* [What to work on]:
Go through the listing below and repeat it exactly, dropping the pictures.

Recorded data Block Start

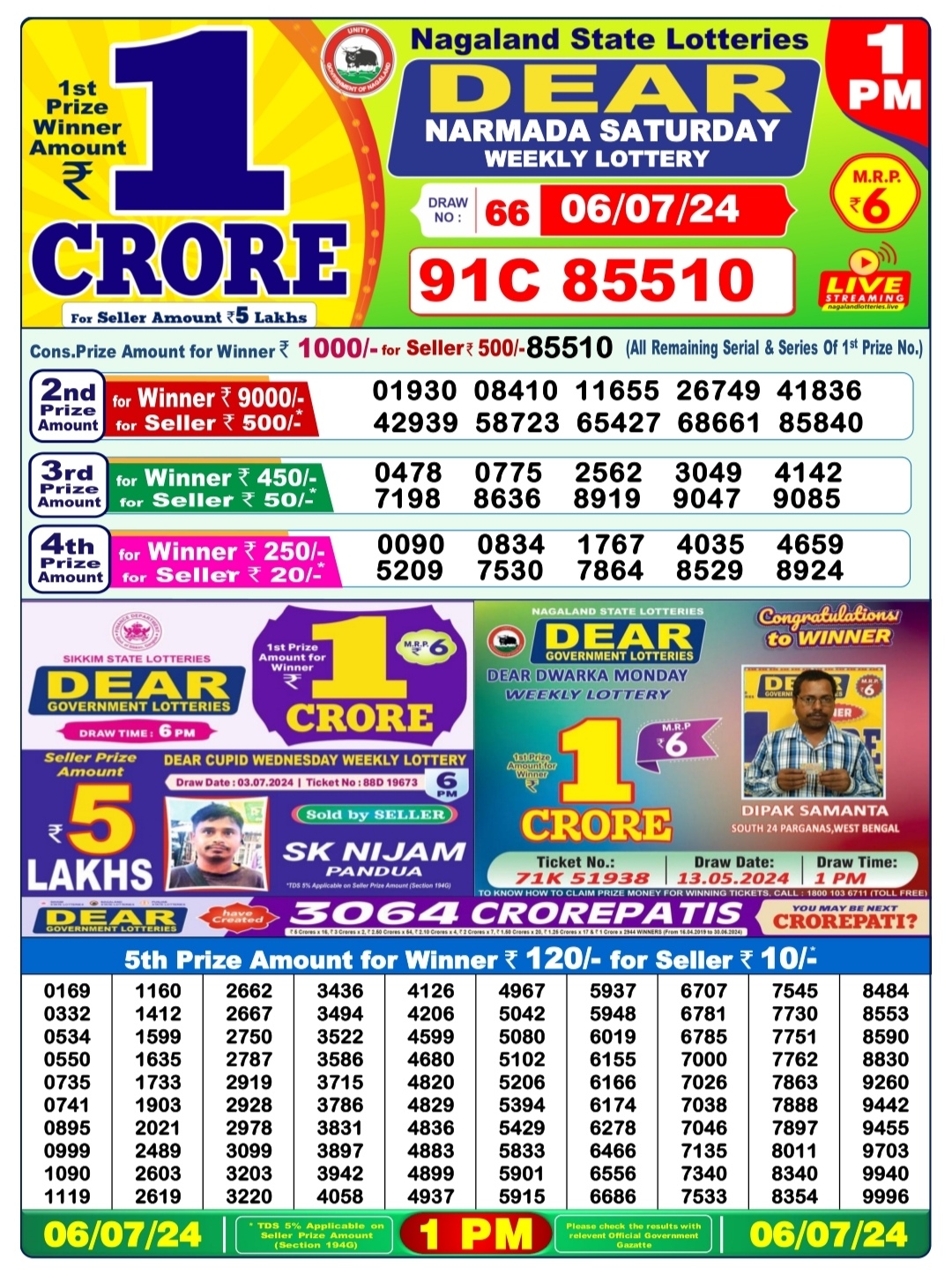 Dear narmada saturday weekly lottery 1pm result 6/07/24
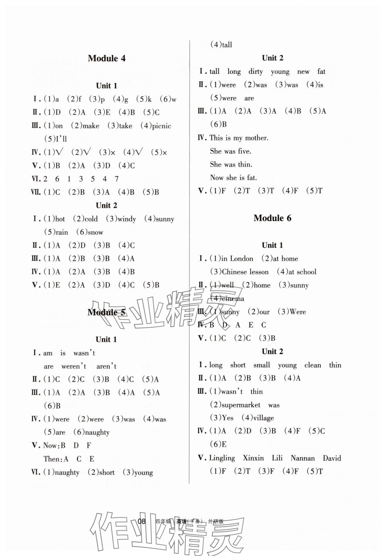 注:目前有些书本章节名称可能整理的还不是很完善,但都是按照顺序排列的,请同学们按照顺序仔细查找。练习册 2025年学习之友四年级英语下册外研版 答案主要是用来给同学们做完题方便对答案用的,请勿直接抄袭。
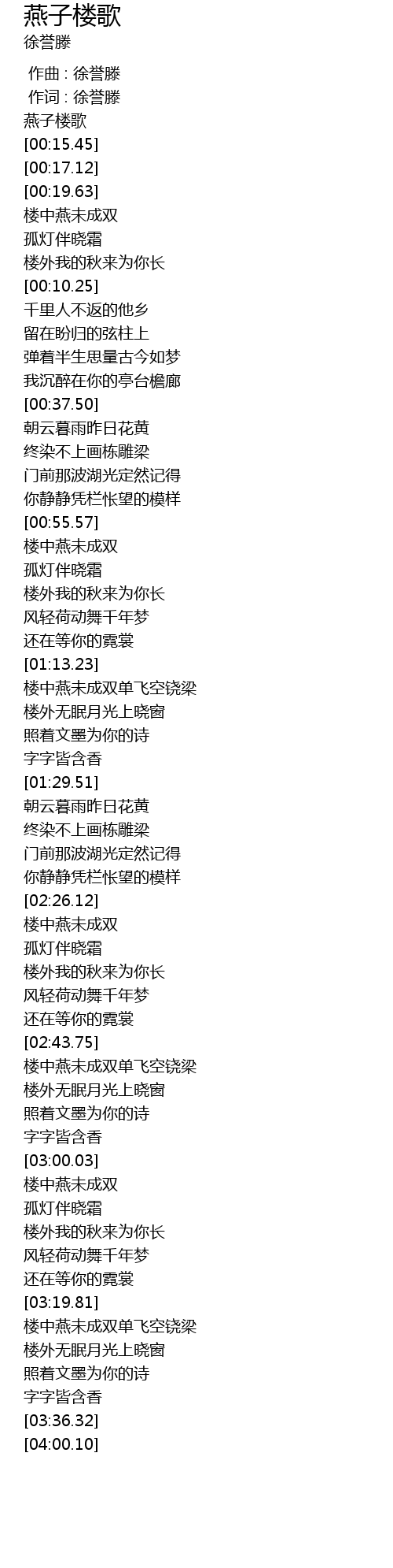 | [00:11.33] | yàn zi lóu gē |

Recorded data Block End

* [Answer for the task]:
 Dear narmada saturday weekly lottery 1pm result 6/07/24
 注:目前有些书本章节名称可能整理的还不是很完善,但都是按照顺序排列的,请同学们按照顺序仔细查找。练习册 2025年学习之友四年级英语下册外研版 答案主要是用来给同学们做完题方便对答案用的,请勿直接抄袭。
 | [00:11.33] | yàn zi lóu gē |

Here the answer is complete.